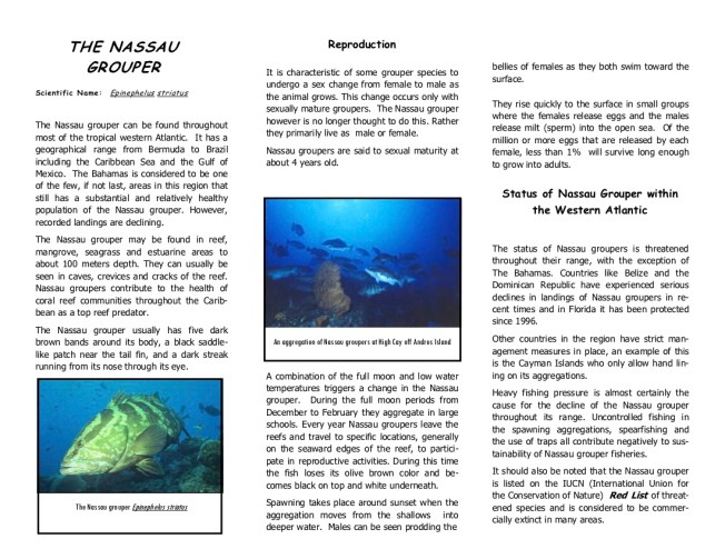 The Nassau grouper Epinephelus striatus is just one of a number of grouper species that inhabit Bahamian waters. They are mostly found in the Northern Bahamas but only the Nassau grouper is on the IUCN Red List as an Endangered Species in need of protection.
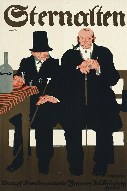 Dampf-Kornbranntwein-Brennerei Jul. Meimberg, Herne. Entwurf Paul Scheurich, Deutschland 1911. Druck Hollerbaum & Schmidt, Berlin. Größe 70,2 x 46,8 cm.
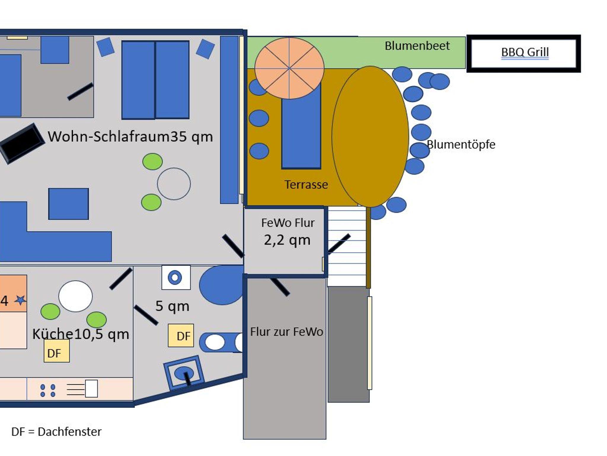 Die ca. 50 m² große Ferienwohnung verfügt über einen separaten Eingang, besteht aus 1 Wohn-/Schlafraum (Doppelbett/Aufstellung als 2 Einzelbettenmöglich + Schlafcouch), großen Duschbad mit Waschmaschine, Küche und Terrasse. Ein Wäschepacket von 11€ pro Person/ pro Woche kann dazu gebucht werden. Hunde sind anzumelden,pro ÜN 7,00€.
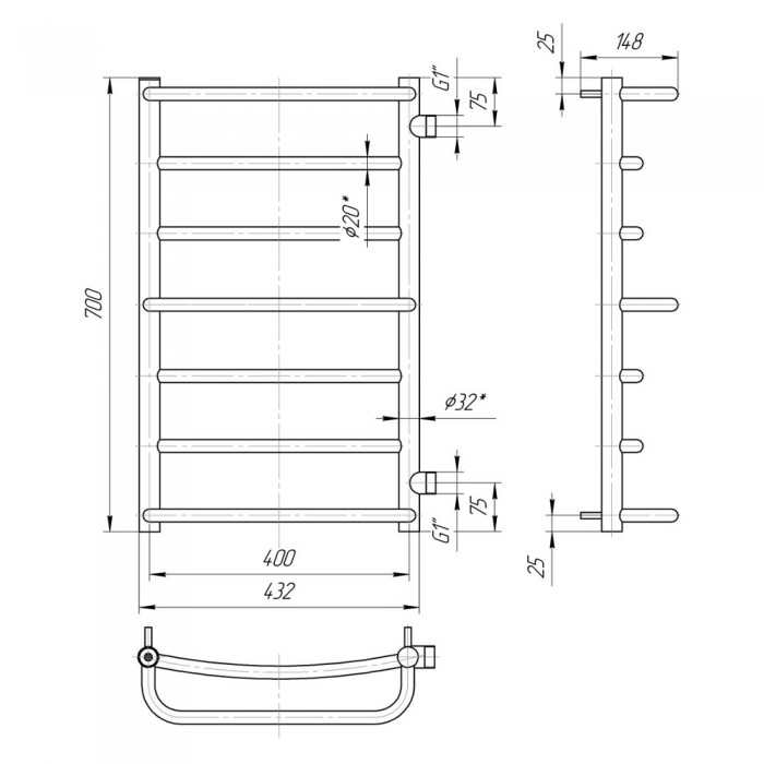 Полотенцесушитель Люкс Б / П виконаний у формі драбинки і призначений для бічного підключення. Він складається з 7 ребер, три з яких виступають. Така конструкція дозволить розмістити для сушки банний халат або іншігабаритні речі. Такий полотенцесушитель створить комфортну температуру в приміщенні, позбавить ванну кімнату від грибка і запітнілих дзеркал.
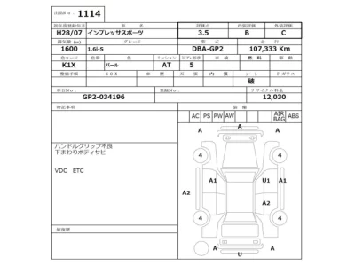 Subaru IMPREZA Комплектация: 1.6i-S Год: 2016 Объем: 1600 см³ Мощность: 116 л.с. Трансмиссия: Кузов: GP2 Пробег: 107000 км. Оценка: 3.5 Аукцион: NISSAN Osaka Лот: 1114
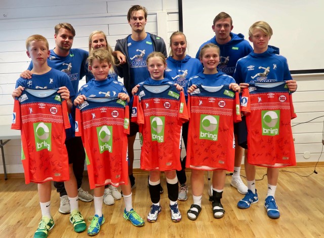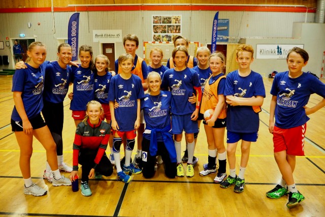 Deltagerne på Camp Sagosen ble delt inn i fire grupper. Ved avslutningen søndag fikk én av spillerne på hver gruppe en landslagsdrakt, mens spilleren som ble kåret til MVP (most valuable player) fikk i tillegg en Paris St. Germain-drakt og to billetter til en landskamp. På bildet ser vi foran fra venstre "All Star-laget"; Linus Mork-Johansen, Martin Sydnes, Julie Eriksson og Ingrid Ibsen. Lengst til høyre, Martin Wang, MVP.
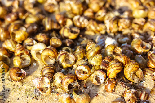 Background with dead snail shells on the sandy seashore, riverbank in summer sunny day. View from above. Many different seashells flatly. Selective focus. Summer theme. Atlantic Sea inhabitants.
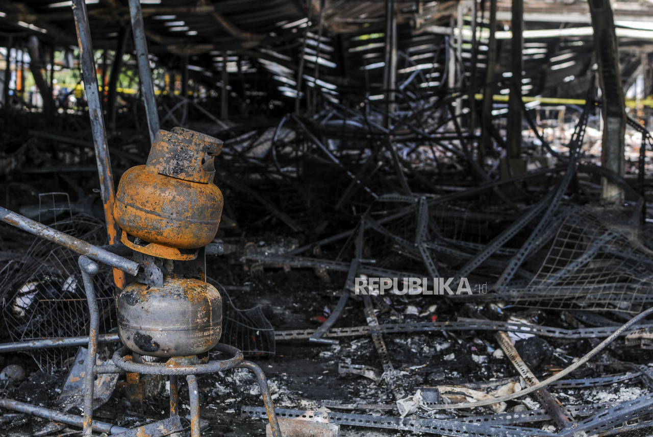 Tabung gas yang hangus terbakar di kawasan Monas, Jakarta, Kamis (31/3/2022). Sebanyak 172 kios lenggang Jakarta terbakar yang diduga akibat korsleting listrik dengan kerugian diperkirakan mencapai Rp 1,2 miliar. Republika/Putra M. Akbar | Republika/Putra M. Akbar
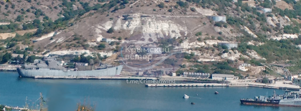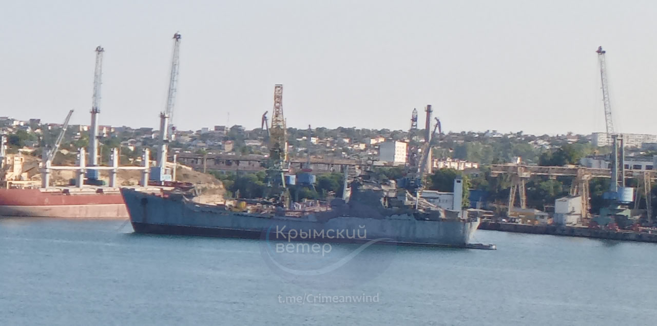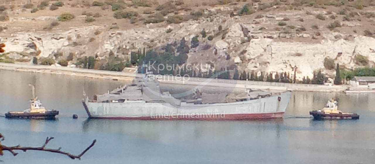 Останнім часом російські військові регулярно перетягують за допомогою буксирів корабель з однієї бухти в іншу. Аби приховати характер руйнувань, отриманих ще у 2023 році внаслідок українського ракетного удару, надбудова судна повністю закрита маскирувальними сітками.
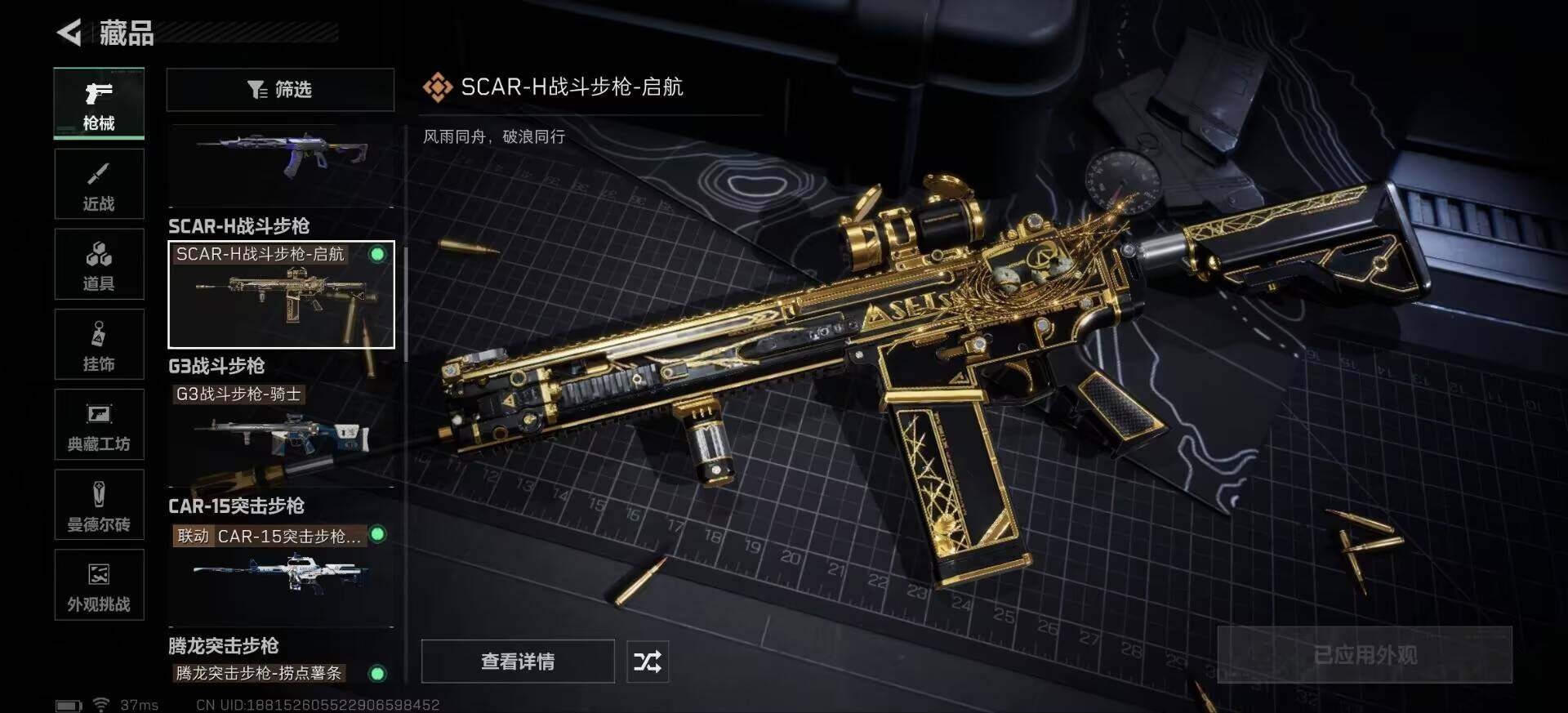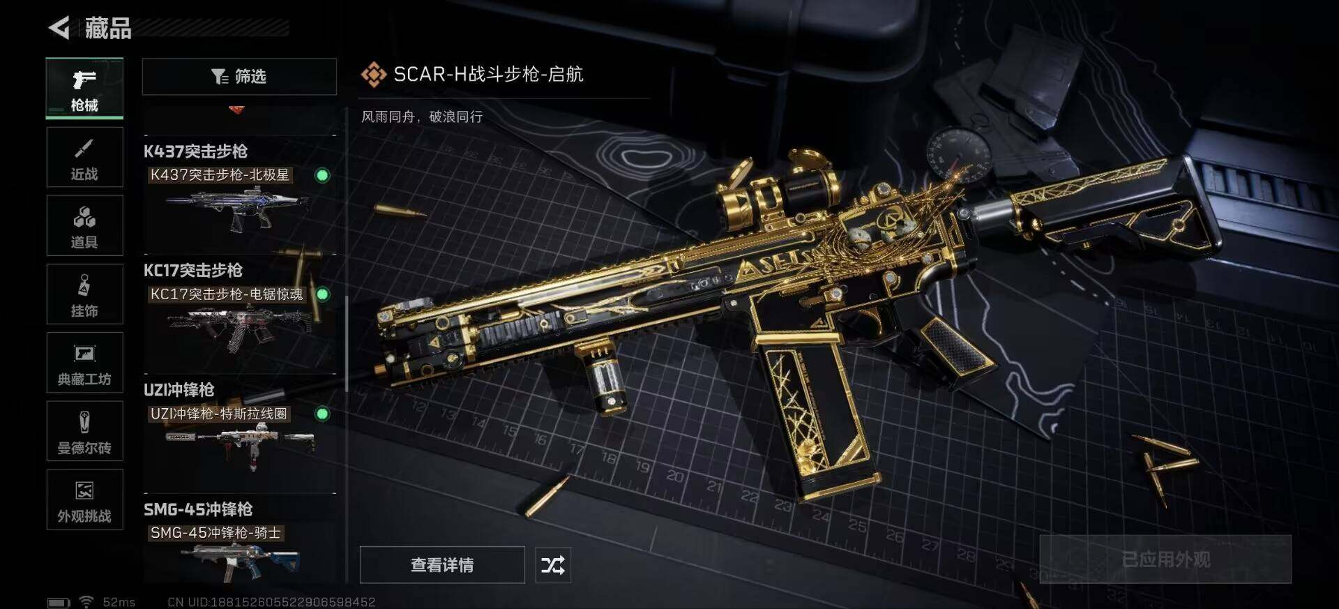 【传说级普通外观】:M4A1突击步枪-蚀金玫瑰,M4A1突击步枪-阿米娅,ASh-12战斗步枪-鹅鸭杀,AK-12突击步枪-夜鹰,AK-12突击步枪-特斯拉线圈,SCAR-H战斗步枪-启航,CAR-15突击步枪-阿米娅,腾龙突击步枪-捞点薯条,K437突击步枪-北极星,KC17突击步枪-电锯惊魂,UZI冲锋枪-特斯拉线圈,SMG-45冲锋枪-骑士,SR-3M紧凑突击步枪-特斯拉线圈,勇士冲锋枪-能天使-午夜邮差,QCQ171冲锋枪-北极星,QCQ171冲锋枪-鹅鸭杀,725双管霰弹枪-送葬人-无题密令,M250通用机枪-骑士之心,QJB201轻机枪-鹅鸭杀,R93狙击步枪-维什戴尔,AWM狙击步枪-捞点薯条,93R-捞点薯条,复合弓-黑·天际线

■ Exercise brief ■
Reproduce the listing above only between the lines holding "Die ca. 50 m²" and "Deltagerne på Camp", inclusive. Every line must match exactly, and pictures are dropped.

■ Response ■
 Die ca. 50 m² große Ferienwohnung verfügt über einen separaten Eingang, besteht aus 1 Wohn-/Schlafraum (Doppelbett/Aufstellung als 2 Einzelbettenmöglich + Schlafcouch), großen Duschbad mit Waschmaschine, Küche und Terrasse. Ein Wäschepacket von 11€ pro Person/ pro Woche kann dazu gebucht werden. Hunde sind anzumelden,pro ÜN 7,00€.
 Полотенцесушитель Люкс Б / П виконаний у формі драбинки і призначений для бічного підключення. Він складається з 7 ребер, три з яких виступають. Така конструкція дозволить розмістити для сушки банний халат або іншігабаритні речі. Такий полотенцесушитель створить комфортну температуру в приміщенні, позбавить ванну кімнату від грибка і запітнілих дзеркал.
 Subaru IMPREZA Комплектация: 1.6i-S Год: 2016 Объем: 1600 см³ Мощность: 116 л.с. Трансмиссия: Кузов: GP2 Пробег: 107000 км. Оценка: 3.5 Аукцион: NISSAN Osaka Лот: 1114
 Deltagerne på Camp Sagosen ble delt inn i fire grupper. Ved avslutningen søndag fikk én av spillerne på hver gruppe en landslagsdrakt, mens spilleren som ble kåret til MVP (most valuable player) fikk i tillegg en Paris St. Germain-drakt og to billetter til en landskamp. På bildet ser vi foran fra venstre "All Star-laget"; Linus Mork-Johansen, Martin Sydnes, Julie Eriksson og Ingrid Ibsen. Lengst til høyre, Martin Wang, MVP.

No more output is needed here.